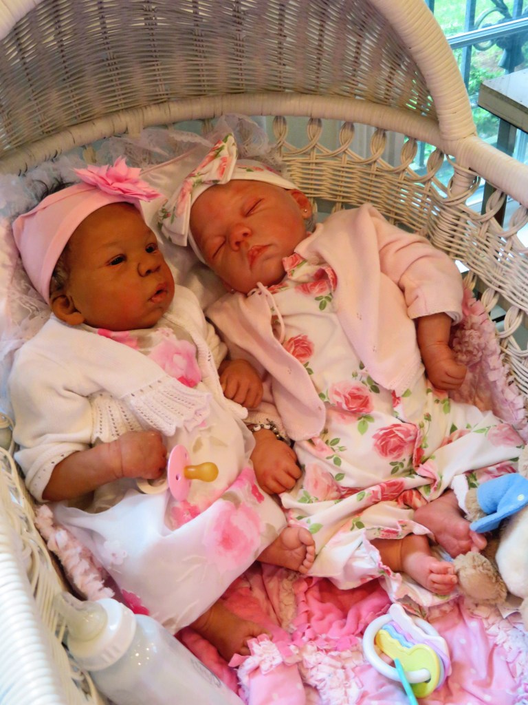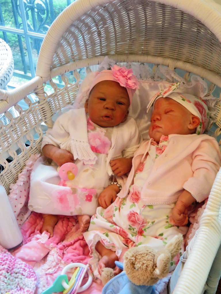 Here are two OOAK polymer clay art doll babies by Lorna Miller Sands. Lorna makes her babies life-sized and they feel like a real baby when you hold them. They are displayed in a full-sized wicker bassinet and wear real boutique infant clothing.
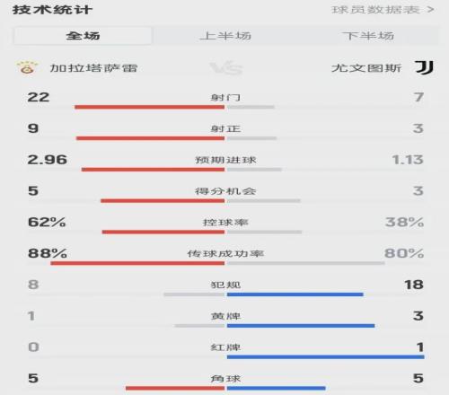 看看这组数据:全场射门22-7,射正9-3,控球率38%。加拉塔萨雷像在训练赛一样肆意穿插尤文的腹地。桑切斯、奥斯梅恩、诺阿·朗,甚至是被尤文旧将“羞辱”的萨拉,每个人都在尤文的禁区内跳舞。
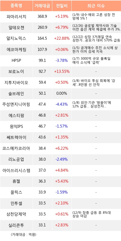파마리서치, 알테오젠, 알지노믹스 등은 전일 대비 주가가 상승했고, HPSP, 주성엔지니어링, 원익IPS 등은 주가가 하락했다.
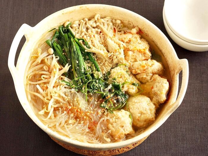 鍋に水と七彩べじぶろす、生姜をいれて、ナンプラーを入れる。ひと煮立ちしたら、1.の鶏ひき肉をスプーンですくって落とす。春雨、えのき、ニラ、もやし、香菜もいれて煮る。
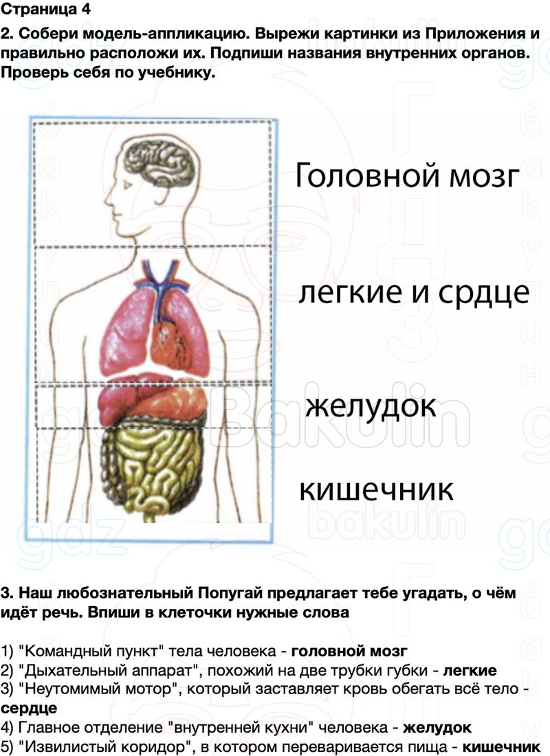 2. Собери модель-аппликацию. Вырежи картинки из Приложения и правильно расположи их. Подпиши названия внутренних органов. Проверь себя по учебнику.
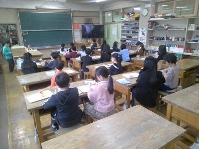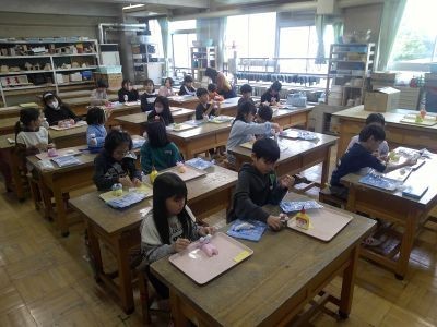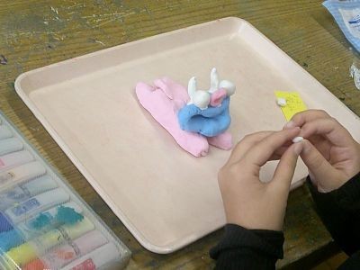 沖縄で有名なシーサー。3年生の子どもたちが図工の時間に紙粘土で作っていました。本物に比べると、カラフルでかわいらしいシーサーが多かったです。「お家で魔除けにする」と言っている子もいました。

• WHAT IS EXPECTED
Reproduce the span beginning at the line with "파마리서치, 알테오젠, 알지노믹스" and ending at the last line of the entries above, inclusive, exactly as it stands. Exclude the pictures.

• RESULT OF THIS EXERCISE
파마리서치, 알테오젠, 알지노믹스 등은 전일 대비 주가가 상승했고, HPSP, 주성엔지니어링, 원익IPS 등은 주가가 하락했다.
 鍋に水と七彩べじぶろす、生姜をいれて、ナンプラーを入れる。ひと煮立ちしたら、1.の鶏ひき肉をスプーンですくって落とす。春雨、えのき、ニラ、もやし、香菜もいれて煮る。
 2. Собери модель-аппликацию. Вырежи картинки из Приложения и правильно расположи их. Подпиши названия внутренних органов. Проверь себя по учебнику.
 沖縄で有名なシーサー。3年生の子どもたちが図工の時間に紙粘土で作っていました。本物に比べると、カラフルでかわいらしいシーサーが多かったです。「お家で魔除けにする」と言っている子もいました。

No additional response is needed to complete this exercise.